Trade Trends News
05-02-2025
Just minutes after U.S. President Donald Trump's 10% additional tariff on Chinese goods took effect, China announced on February 4th that it would impose export controls on five metals critical for defense, clean energy, and other industries. These metals exports are essential to global supply chains, and the new restrictions could have significant implications on industries worldwide.
Here's what you need to know about these metals and their impact on metals exports:
1. Tungsten
Tungsten is an ultra-hard metal, second only to diamond in terms of strength, and is primarily used in the production of ammunition, armor plates, and cutting tools.
Around 60% of U.S. consumption is used to produce tungsten carbide, a highly durable material widely used in construction, metalworking, and oil and gas drilling.
Like many other critical minerals, China dominates the production and metals exports of tungsten, accounting for over 80% of global supply in 2023.
According to an analysis by the British consultancy Project Blue, China supplied 30% of tungsten to markets outside of China, primarily in powder form for tool applications.
Other major producers include Vietnam, Russia, South Korea, and Spain.
According to the U.S. Geological Survey (USGS), the U.S. has not conducted commercial tungsten mining since 2015.
China has imposed restrictions on eight types of tungsten products and their manufacturing processes, affecting global metals exports.
2. Indium
Indium is a key component of smartphone screens and television displays, with its refined product being indium tin oxide. Another indium product is used in fiber optic technology.
The expansion of 5G cellular networks has increased demand for indium.
According to the U.S. Geological Survey, like tungsten, China is the largest producer, accounting for 70% of global output. As of September 2024, a quarter of U.S. indium imports came from China, highlighting the importance of metals exports from China in the tech industry.
Other major buyers of Chinese indium include Japan and South Korea, according to Project Blue.
China's new restrictions target three indium-related products and their production technologies, potentially impacting global metals exports and supply chains.
3. Bismuth
Bismuth is used in solders, alloys, metallurgical additives, pharmaceuticals, and atomic research.

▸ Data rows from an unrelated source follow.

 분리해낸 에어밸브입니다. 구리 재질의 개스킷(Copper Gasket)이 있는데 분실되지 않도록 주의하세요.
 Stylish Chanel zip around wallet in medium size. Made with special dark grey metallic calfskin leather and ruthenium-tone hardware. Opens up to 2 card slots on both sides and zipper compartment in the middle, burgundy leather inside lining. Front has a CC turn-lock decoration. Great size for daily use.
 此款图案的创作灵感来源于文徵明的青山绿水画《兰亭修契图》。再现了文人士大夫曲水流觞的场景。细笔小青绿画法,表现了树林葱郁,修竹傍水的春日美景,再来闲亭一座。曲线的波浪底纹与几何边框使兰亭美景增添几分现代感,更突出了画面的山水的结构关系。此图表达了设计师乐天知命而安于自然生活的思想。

According to the U.S. Geological Survey, the U.S. stopped producing primary refined bismuth in 1997 and is heavily reliant on imports, making China's metals exports crucial for U.S. industries.
USGS data also shows that China produced over 80% of the world's bismuth, approximately 13,000 tons, last year.

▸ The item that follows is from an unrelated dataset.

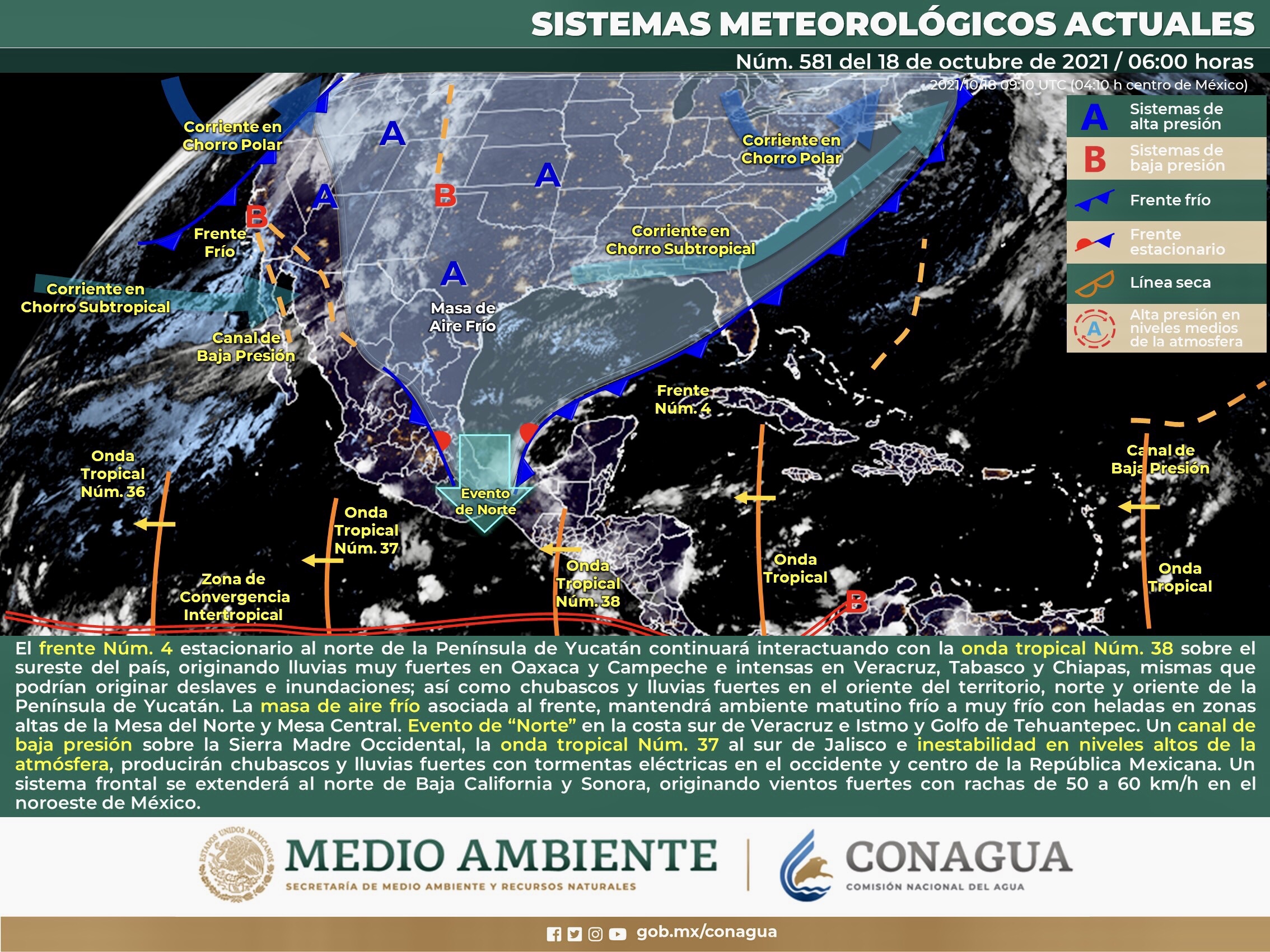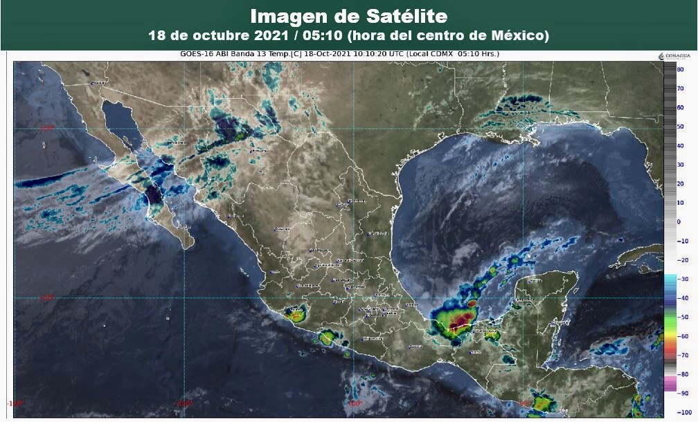 Para hoy, se pronostica que el frente Núm. 4 adquiera características de estacionario al norte de la Península de Yucatán y que continúe interactuando con la onda tropical Núm. 38 que se desplazará sobre el sureste del territorio nacional, produciendo lluvias puntuales muy fuertes en Oaxaca y Campeche e intensas en Veracruz, Tabasco y Chiapas, las cuales podrían originar deslaves e inundaciones, además de generar chubascos y lluvias fuertes en el oriente del territorio, norte y oriente de la Península de Yucatán. La masa de aire frío que se asocia al frente, mantendrá ambiente matutino frío a muy frío con probables heladas en zonas altas de la Mesa del Norte y Mesa Central, además de evento de “Norte” en la costa sur de Veracruz e Istmo y Golfo de Tehuantepec. Por otra parte, un canal de baja presión sobre la Sierra Madre Occidental, el desplazamiento de la onda tropical Núm. 37 al sur de Jalisco e inestabilidad en niveles altos de la atmósfera, producirán chubascos y lluvias fuertes con tormentas eléctricas en el occidente y centro de la República Mexicana. Un sistema frontal se extenderá al norte de Baja California y Sonora, originando vientos fuertes con rachas de 50 a 60 km/h en el noroeste de México.

Other major producers include South Korea and Laos.
China has imposed restrictions on bismuth and various bismuth-containing compounds, potentially limiting global metals exports and impacting industries reliant on these materials.
4. Tellurium
Tellurium is typically a byproduct of copper refining and is used in metallurgy, solar panels, storage chips, and other products.
According to the U.S. Geological Survey, by 2024, China will produce about three-quarters of the world's refined tellurium, reinforcing its dominant role in global metals exports.
Although the U.S. has two refineries that produce its precursor, copper telluride, this material is then sent overseas for further processing. Most products that use tellurium rely on imports, underscoring the significance of Chinese metals exports to the U.S. and other nations.
China has imposed export restrictions on tellurium and various tellurium-containing compounds, which could disrupt the global supply of this critical metal.
5. Molybdenum
Molybdenum is mainly used to strengthen and harden steel alloys, making them more heat- and corrosion-resistant. It is also used in lubricants, pigments, and catalysts in the oil industry.
According to the U.S. Geological Survey, by 2024, China will account for about 40% of global production, while the U.S. will account for 12%.
However, the new restrictions specifically target exports of certain molybdenum powders used in the manufacture of missile components. Customs data shows that China exported 287 tons of such molybdenum powder last year, with about half going to Japan. These metals exports restrictions could have a direct impact on industries that rely on molybdenum for high-performance applications.
In conclusion, China's restrictions on the metals exports of these five critical materials could significantly disrupt global supply chains, especially for industries in defense, technology, and energy. The impact on international markets will be substantial as nations look for alternative sources or work to adjust to the new trade environment.